En esa tarea de cerrar la unidad trabajaron tanto Máximo como Eduardo “Wado” de Pedro, el dirigente camporista de estrecha confianza de Cristina, su principal delegado ante el peronismo y desde hace semanas un asiduo visitante de las oficinas de Fernández, a quien conoció recién después de la reconciliación con la ex presidenta y con quien construyó una relación más que fluida. Allí lo encontró el CEO de Mercado Libre, Marcos Galperín, cuando corrió a ver al candidato del Frente de Todos después del triunfo arrollador en las primarias. De Pedro es otro de los que tiene el nombre puesto en el gabinete, aunque todavía no está claro cuál será su lugar. Otra camporista de línea directa con el ex jefe de Gabinete es la ex senadora santacruceña Virginia García, coordinadora junto de los equipos político técnicos del espacio junto al albertista Nicolás Trotta.

En los planes del candidato presidencial, la renovación de los Cafiero, Trotta, De Pedro y demás integrantes de la generación emergente, como Matías Kulfas, Miguel Cuberos, Cecilia Todesca, Fernando Peirano y Guillermo Chaves, entre otros, se entrelaza y balancea con la presencia de los dirigentes de mayor trayectoria que suenan para el Gabinete, como los economistas Guillermo Nielsen y Martín Redrado, o los históricos compañeros de militancia de Fernández en el PJ porteño, Julio Vitobello, Claudio Ferreño, Juan Manuel Olmos, Jorge Argüello y Eduardo Valdés, entre otros. Ferreño, Olmos y Cafiero son los únicos que tienen oficina propia en el edificio de la calle México, donde Fernández tiene su base de operaciones.

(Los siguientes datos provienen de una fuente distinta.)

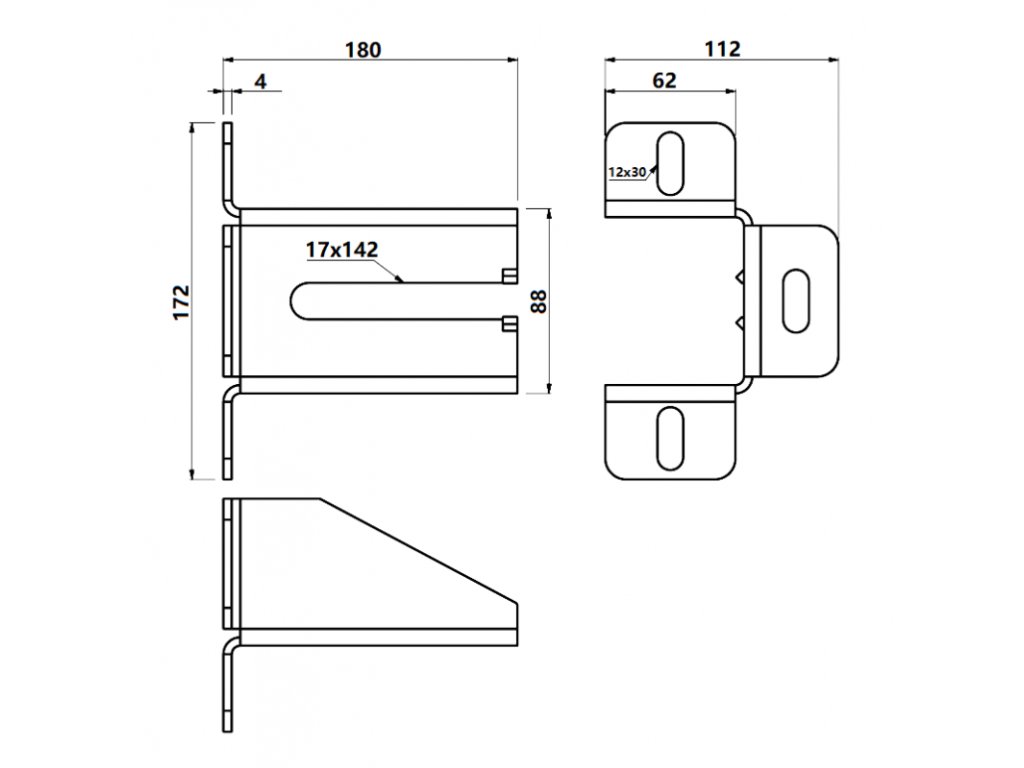 Konzola CAIS KHL180 určená k montáži závěsné brány, vhodná pro závěsné konzoly se závitovou tyčí velikosti M16. Držák je vyroben z pozinkované oceli a je přišroubován.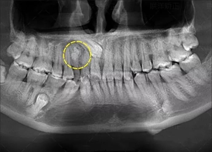 患者是30多岁的年轻男子,红色标记那颗牙松动,要求拔牙,开始嫌麻烦不愿拍片,后来经过再三劝说还是拍了片。结果把所有人包括他自己都吓了一跳。估计是良性,具体还得去医院住院手术做病理检查,所以大家不要忽视一张片子带来辅助检查的重要性。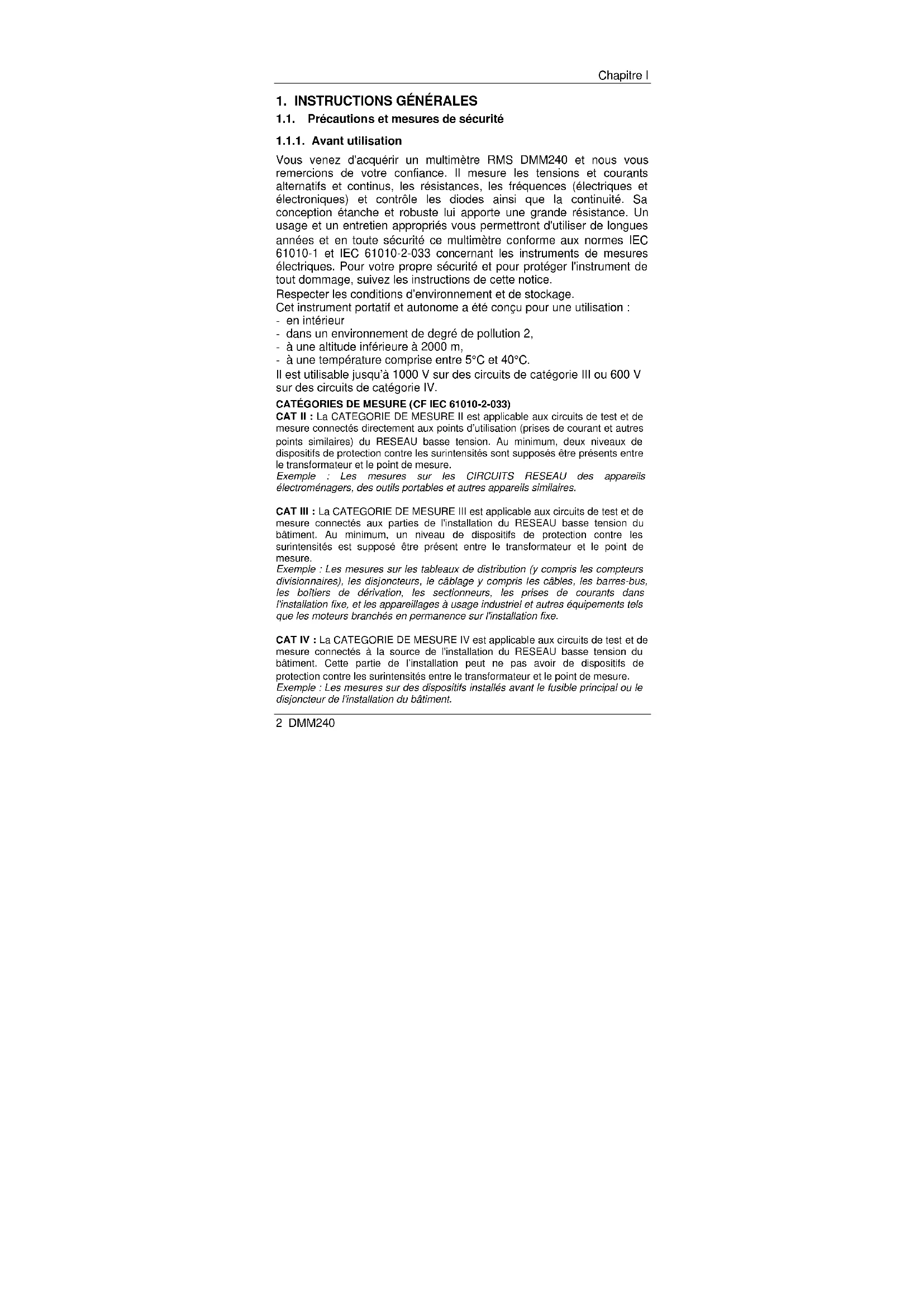 Vous venez d'acquérir un multimètre RMS DMM240 et nous vous remercions de votre confiance. Il mesure les tensions et courants alternatifs et continus, les résistances, les fréquences (électriques et électroniques) et contrôle les diodes ainsi que la continuité. Sa conception étanche et robuste lui apporte une grande résistance. Un usage et un entretien appropriés vous permettront d'utiliser de longues années et en toute sécurité ce multimètre conforme aux normes IEC 61010-1 et IEC 61010-2-033 concernant les instruments de mesures électriques. Pour votre propre sécurité et pour protéger l'instrument de tout dommage, suivez les instructions de cette notice. Respecter les conditions d’environnement et de stockage. Cet instrument portatif et autonome a été conçu pour une utilisation : - en intérieur - dans un environnement de degré de pollution 2, - à une altitude inférieure à 2000 m, - à une température comprise entre 5°C et 40°C. Il est utilisable jusqu’à 1000 V sur des circuits de catégorie III ou 600 V sur des circuits de catégorie IV. CATÉGORIES DE MESURE (CF IEC 61010-2-033) CAT II : La CATEGORIE DE MESURE II est applicable aux circuits de test et de mesure connectés directement aux points d’utilisation (prises de courant et autres points similaires) du RESEAU basse tension. Au minimum, deux niveaux de dispositifs de protection contre les surintensités sont supposés être présents entre le transformateur et le point de mesure. Exemple : Les mesures sur les CIRCUITS RESEAU des appareils électroménagers, des outils portables et autres appareils similaires. CAT III : La CATEGORIE DE MESURE III est applicable aux circuits de test et de mesure connectés aux parties de l'installation du RESEAU basse tension du bâtiment. Au minimum, un niveau de dispositifs de protection contre les surintensités est supposé être présent entre le transformateur et le point de mesure. Exemple : Les mesures sur les tableaux de distribution (y compris les compteurs divisionnaires), les disjoncteurs, le câblage y compris les câbles, les barres-bus, les boîtiers de dérivation, les sectionneurs, les prises de courants dans l'installation fixe, et les appareillages à usage industriel et autres équipements tels que les moteurs branchés en permanence sur l'installation fixe. CAT IV : La CATEGORIE DE MESURE IV est applicable aux circuits de test et de mesure connectés à la source de l'installation du RESEAU basse tension du bâtiment. Cette partie de l’installation peut ne pas avoir de dispositifs de protection contre les surintensités entre le transformateur et le point de mesure. Exemple : Les mesures sur des dispositifs installés avant le fusible principal ou le disjoncteur de l'installation du bâtiment.Chapitre I DMM240 3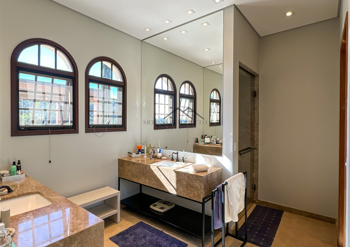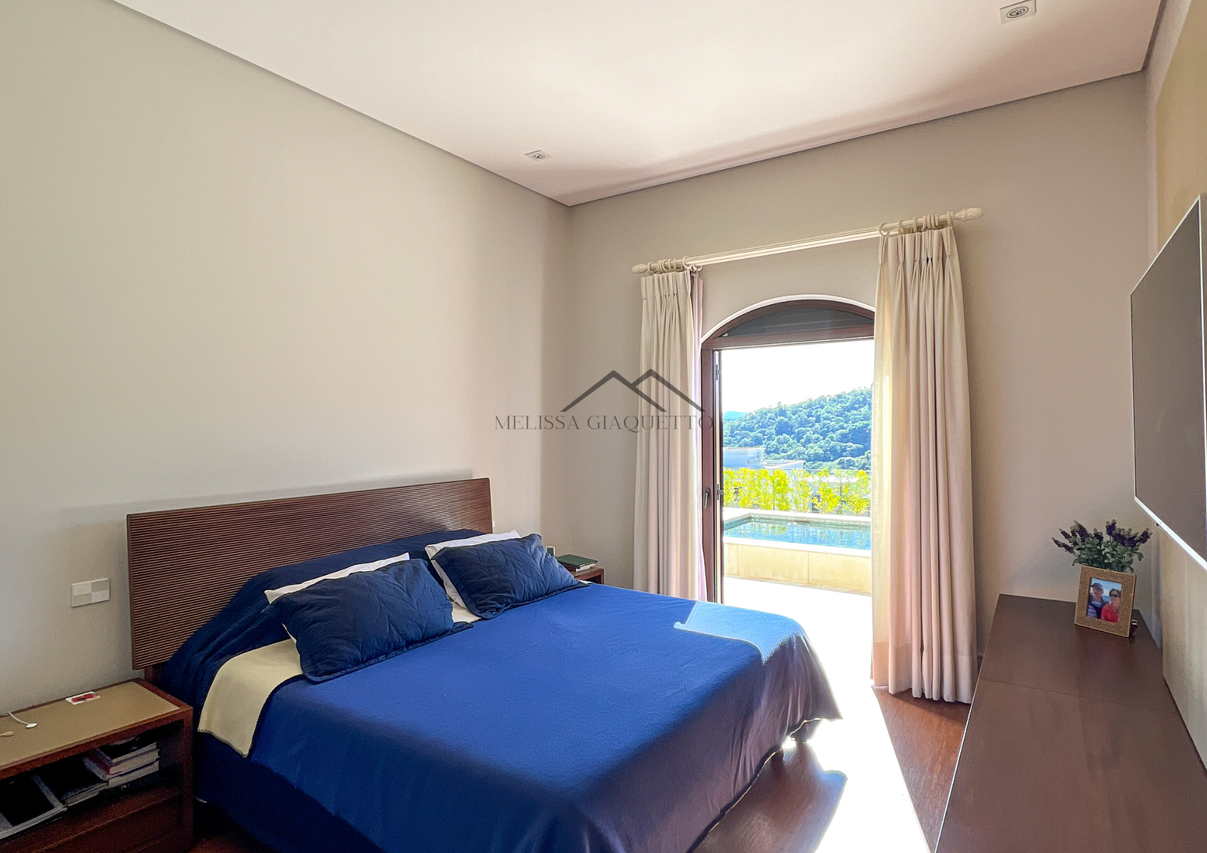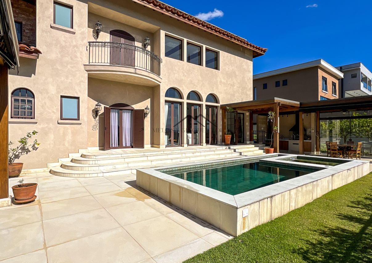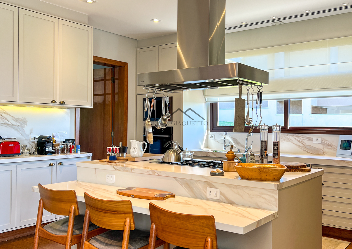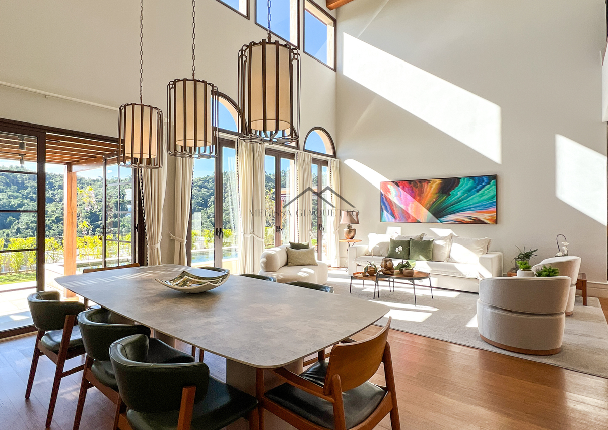 Conta com 5 suítes, sendo 2 no térreo, todas com closet, incluindo suíte máster com 2 closets exclusivos. O living e a sala de jantar possuem pé-direito duplo, proporcionando amplitude e luminosidade. Destaque para a adega climatizada para até 370 garrafas, cozinha gourmet integrada e cozinha de apoio.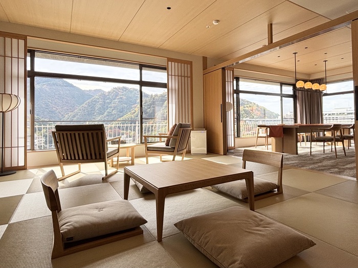 西館の最上階にある1 室限りのお部屋。窓からは、有馬温泉の景色をなんと独り占めできる景観。お食事や寛ぎの場として大人数でも利用できる専用ダイニングルームも完備しており、大きなダイニングテーブルにて、カフェタイムやお食事をみんなで囲む事ができます。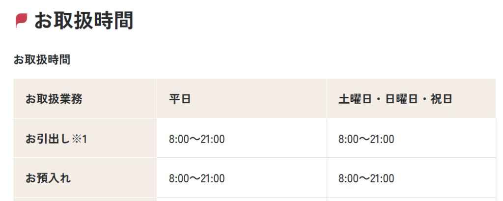 まず基本として、お引き出し・お預け入れ・通帳記入などは、平日・土日祝を問わず、基本的には8:00〜21:00まで利用可能です。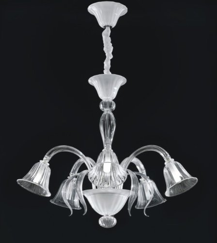 #Traditional style. Requires five 60 watt T4 halogen type bulbs. G9 base bulbs. 120VAC voltage. Hand crafted venetian glass. Clear and frost crystal blown glass diffuser. North American Standard certified. cCSAus safety approved. Chrome color. Made in Italy. Minimal assembly required. 23.5 in. Dia. x 27.5 in. H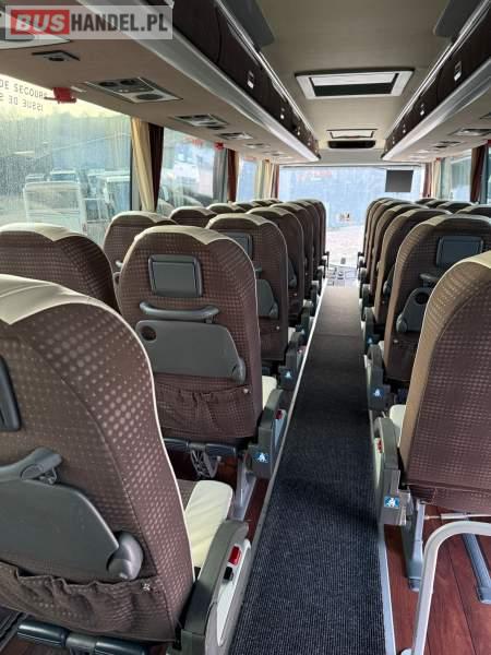 : klimatyzacja, WC, lodówka, kabina sypialna, oświetlenie indywidualne, nawiewy dyszowe, podnóżki, stoliczki, siateczki, ABS, ASR, tempomat, retarder, mikrofon, fotele odchylane i rozsuwane, rampa dla inwalidów, sejf, regulacja wysokości nadwozia, centralny zamek, podwójne szyby boczne, wspomaganie kierownicy, elektryczne lusterka, ogrzewanie stacjonarne, ESP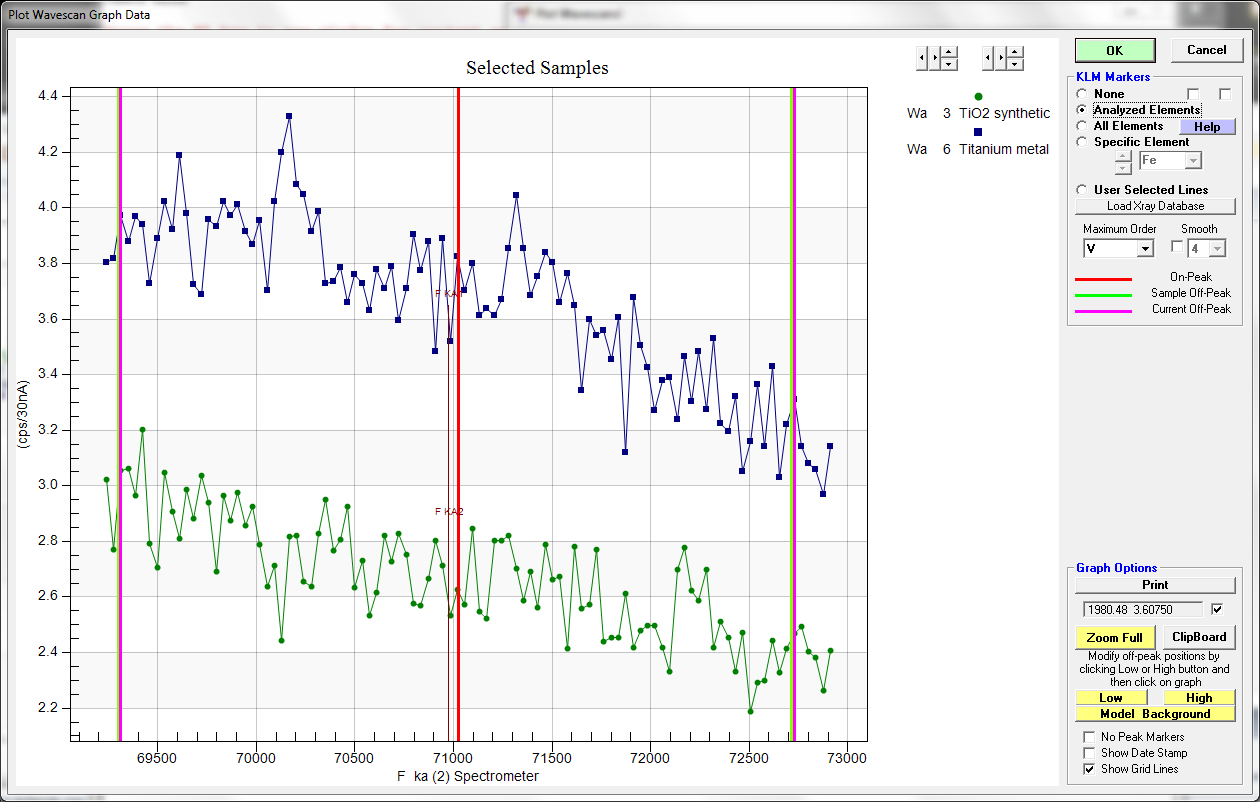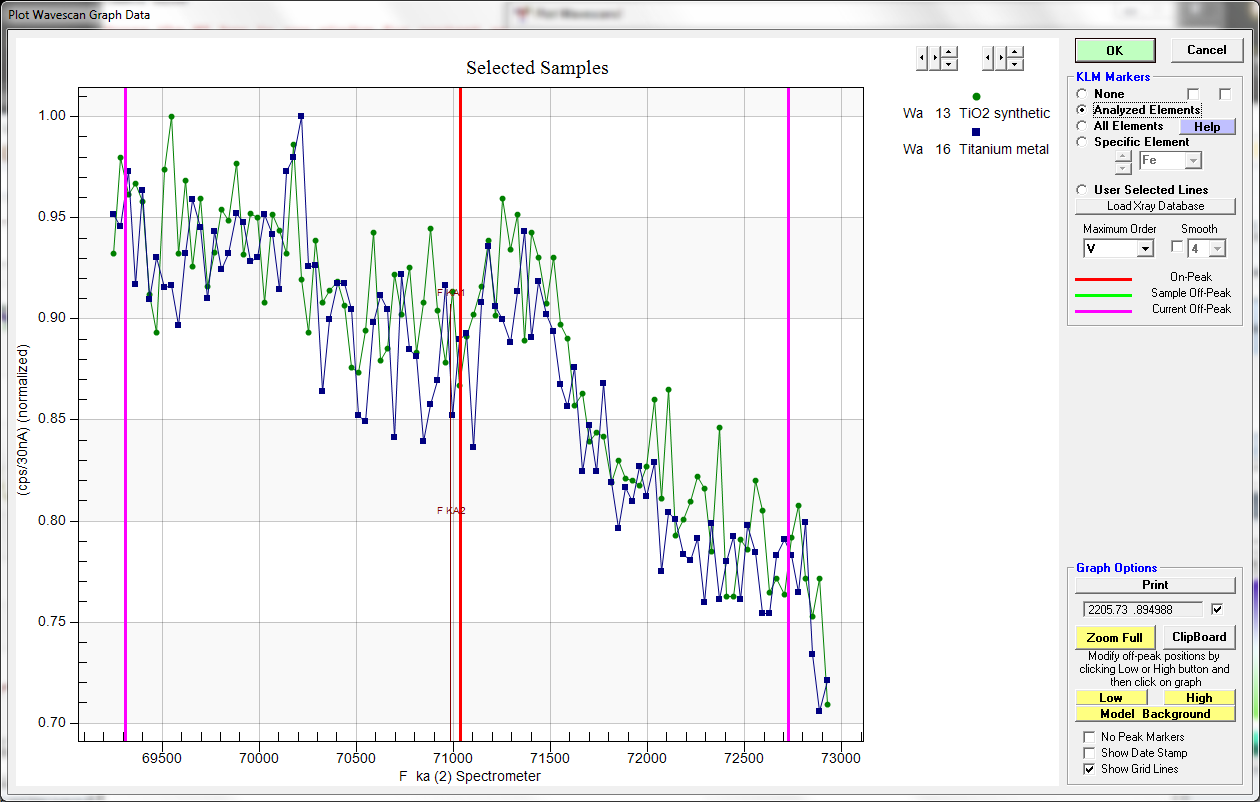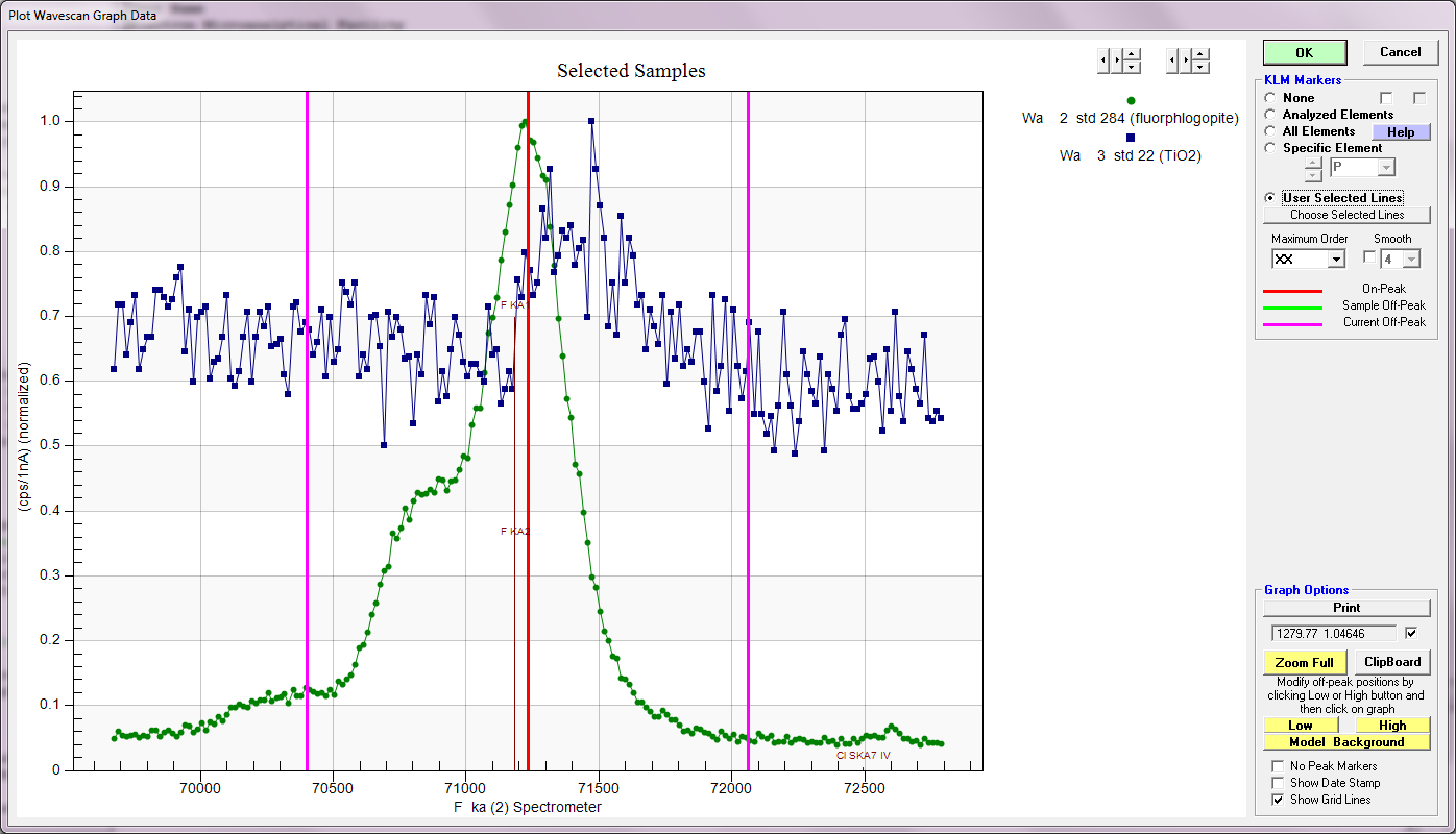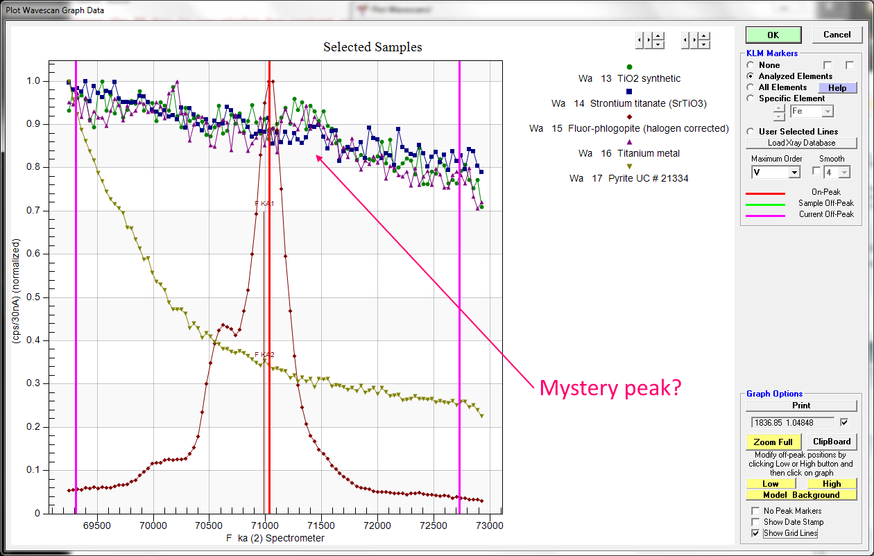 Here is a plot of fluor-phlogopite and TiO2 normalized intensity.  I wanted to see if I could say whether the mystery line was a first order emission line or not:

Junto con el vocero Juan Pablo Biondi, Cafiero es quien más tiempo pasa con Fernández, cuyo método de trabajo sus ex compañeros de gabinete kirchnerista describen como “muy a lo Néstor Kirchner”: llama personalmente, pone plazos, pide resultados concretos y está encima de todos los temas. “Es muy exigente consigo mismo, así que nos pone la vara alta a todos”, dice Cafiero, con apellido histórico y protagonismo reservado en los tiempos que vendrán.